> WHAT THE EXERCISE ASKS: Find "Berikut adalah harga emas per gram..." in the listing below, then set down only that line and each later line, unchanged, leaving out pictures.

> DATASET CONTENT:
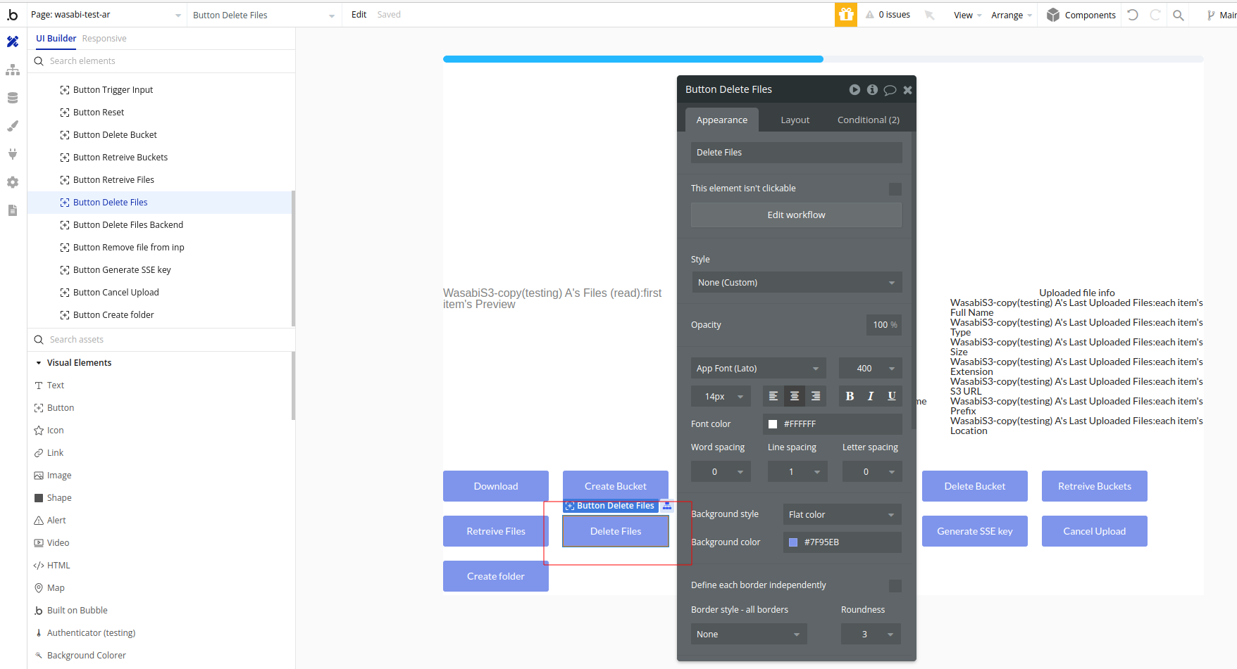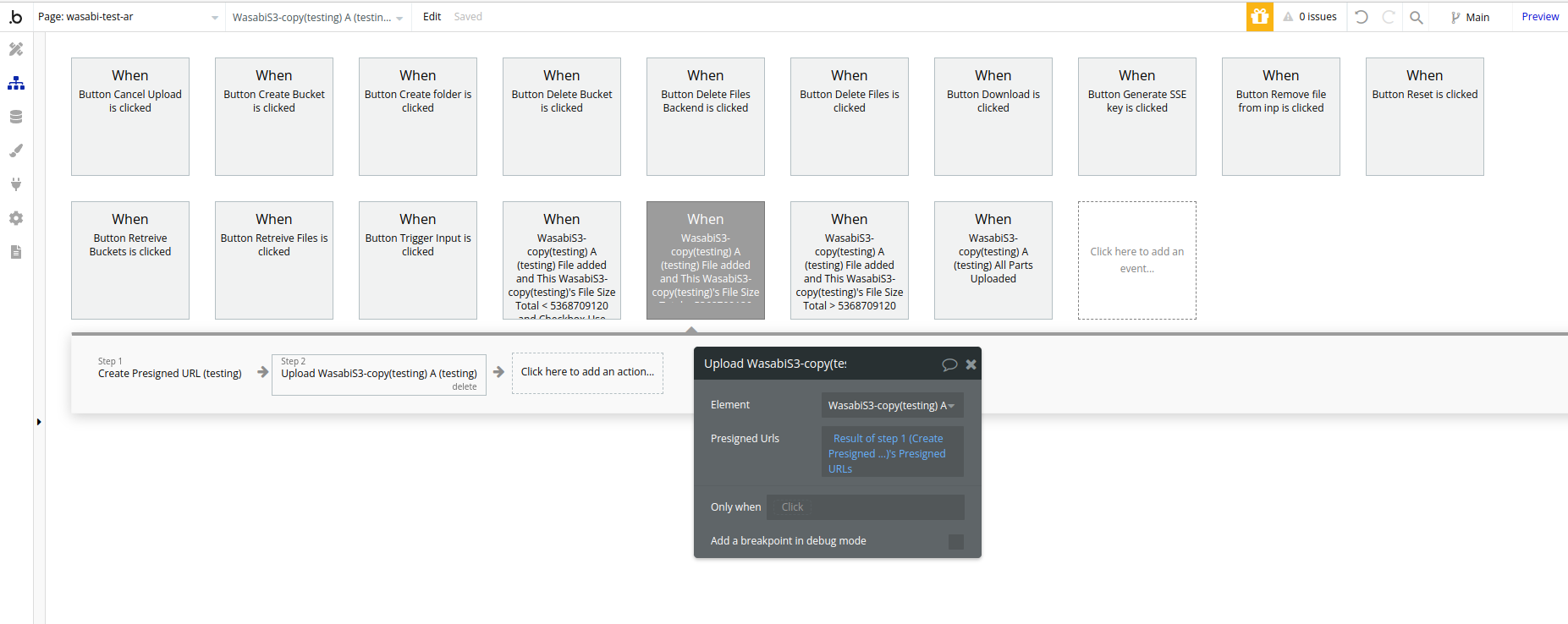 Add the element 'Wasabi S3' on your page and configure any other preferences for uploading.
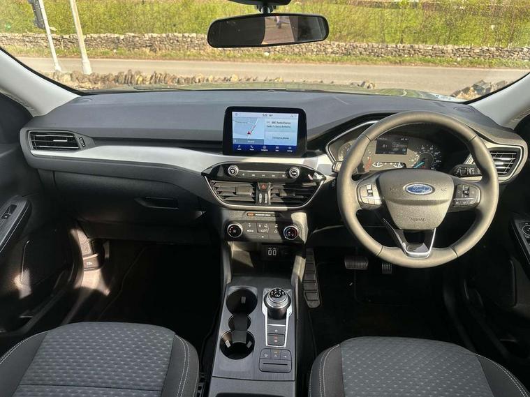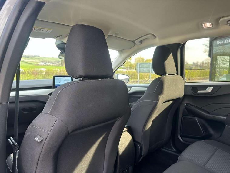Analogue cluster with speedometer, rev counter and trip computer, Cruise control with adjustable speed limiter, Ford easy fuel, Ford SYNC 3 with 8" TFT LCD touchscreen, App Link, andriod auto/apple carPlay, emergency assistance and navigation with Ford pass connect, Front and rear parking sensors, Lane keeping aid with lane departure warning, Manual tailgate, Power assist steering, Selectable drive modes, Service interval indicator, Standard suspension, Twist beam rear suspension, Ford DAB audio system with 6 speakers, 2 USB ports and Radio/CD, Auto headlamps (on/off), Day/night rear view mirror, Electrically operated and heated door mirrors, Front fog lights, Halogen Projector Headlamps, LED daytime running lights, LED rear lights, Power front/rear windows with global close, Privacy glass, Quickclear heated windscreen, Rear spoiler, Silver roof rails, Third brake light, Twin exhausts, 2nd row sliding seats with 60:40 split, 4 way manually adjustable passenger seat, 8 way manual driver seat including lumbar support and height adjust, Centre console with electronic parking brake, Cloth upholstery, Front and rear head restraints, Front floor mats, Manual air conditioning, Rear charging point, Sports seats, 3x3 point rear seatbelts, Airbags - front driver/passenger, front and rear curtain, Drivers knee airbag, Electronic stability control (ESC) and ABS, Ford MyKey Gen 2 safety system, Manual child proof rear door locks, Post collision braking, Pre collision assist with autonomous emergency braking, Rear seat Occupancy alert, Tyre pressure monitoring system, Engine immobiliser, Ford Power start button, Locking wheel nuts, Remote powered central double locking doors, Thatcham category 1 alarm, 17" 5x2 spoke shadow silver finish alloy wheels,
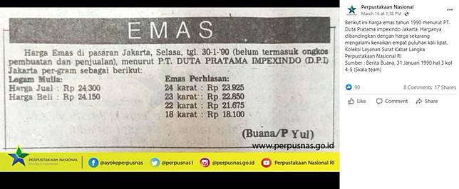 Berikut adalah harga emas per gram... - Perpustakaan ... Perpustakaan Nasional. December 12, 2019 ·. Berikut adalah harga emas per gram pada tahun 1985. Sumber: Sinar Harapan, 5 Mei 1986. Koleksi Surat Kabar Langka Terjilid Perpusnas Ri (SKJIL-Team) Here is the price of gold per gram in 1985. Source: Rays of Hope, May 5, 1986.
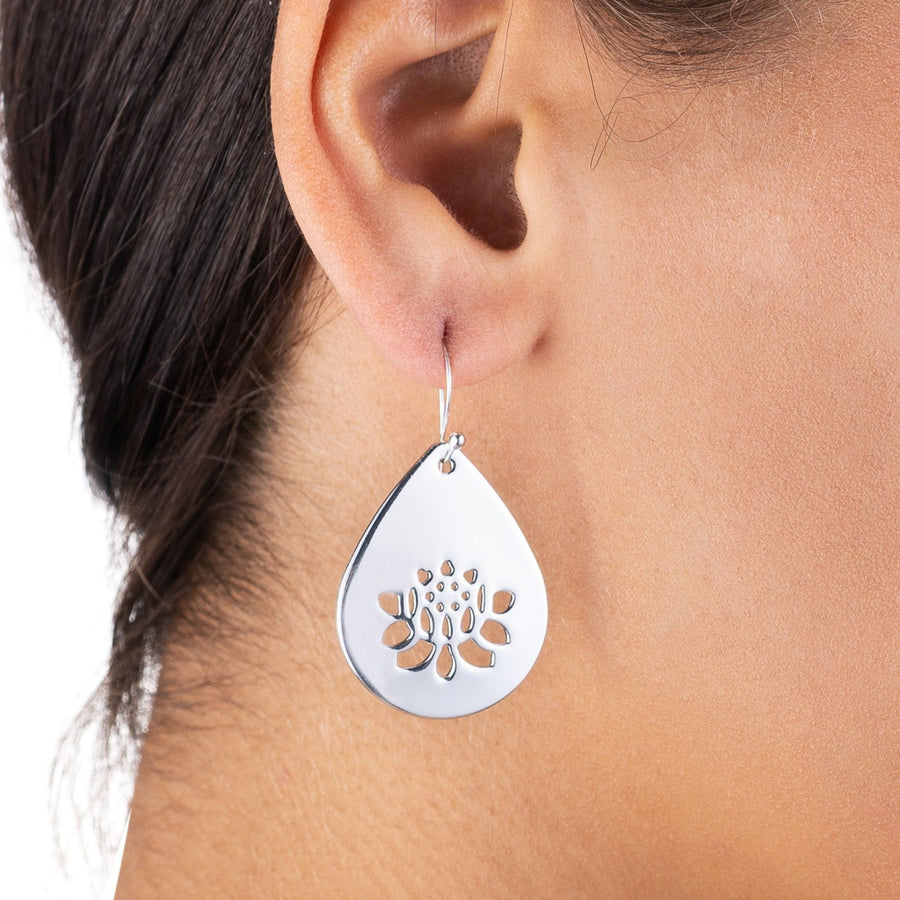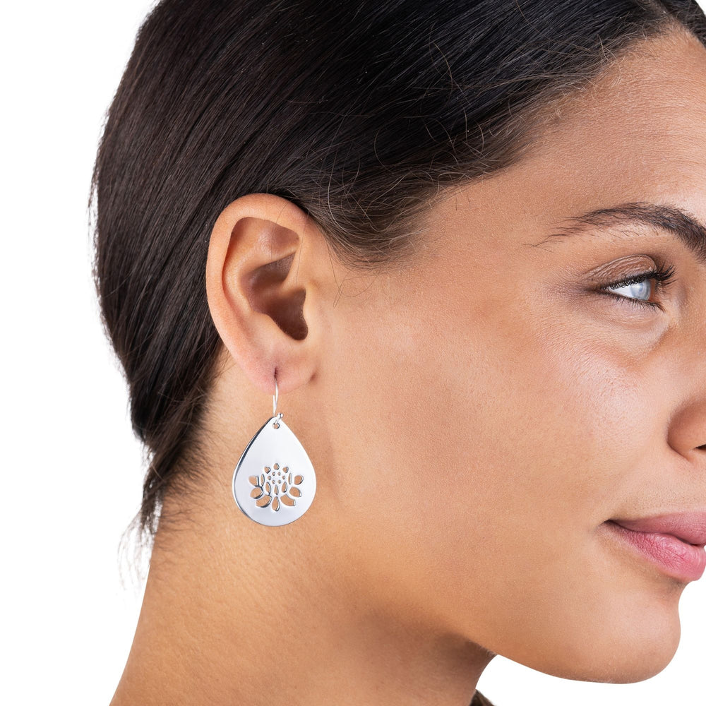 Lotus Earrings. Lotus cutout on silver finished teardrop shaped steel with Sterling Silver ear wires.

> PROBLEM SOLUTION:
 Berikut adalah harga emas per gram... - Perpustakaan ... Perpustakaan Nasional. December 12, 2019 ·. Berikut adalah harga emas per gram pada tahun 1985. Sumber: Sinar Harapan, 5 Mei 1986. Koleksi Surat Kabar Langka Terjilid Perpusnas Ri (SKJIL-Team) Here is the price of gold per gram in 1985. Source: Rays of Hope, May 5, 1986.
 Lotus Earrings. Lotus cutout on silver finished teardrop shaped steel with Sterling Silver ear wires.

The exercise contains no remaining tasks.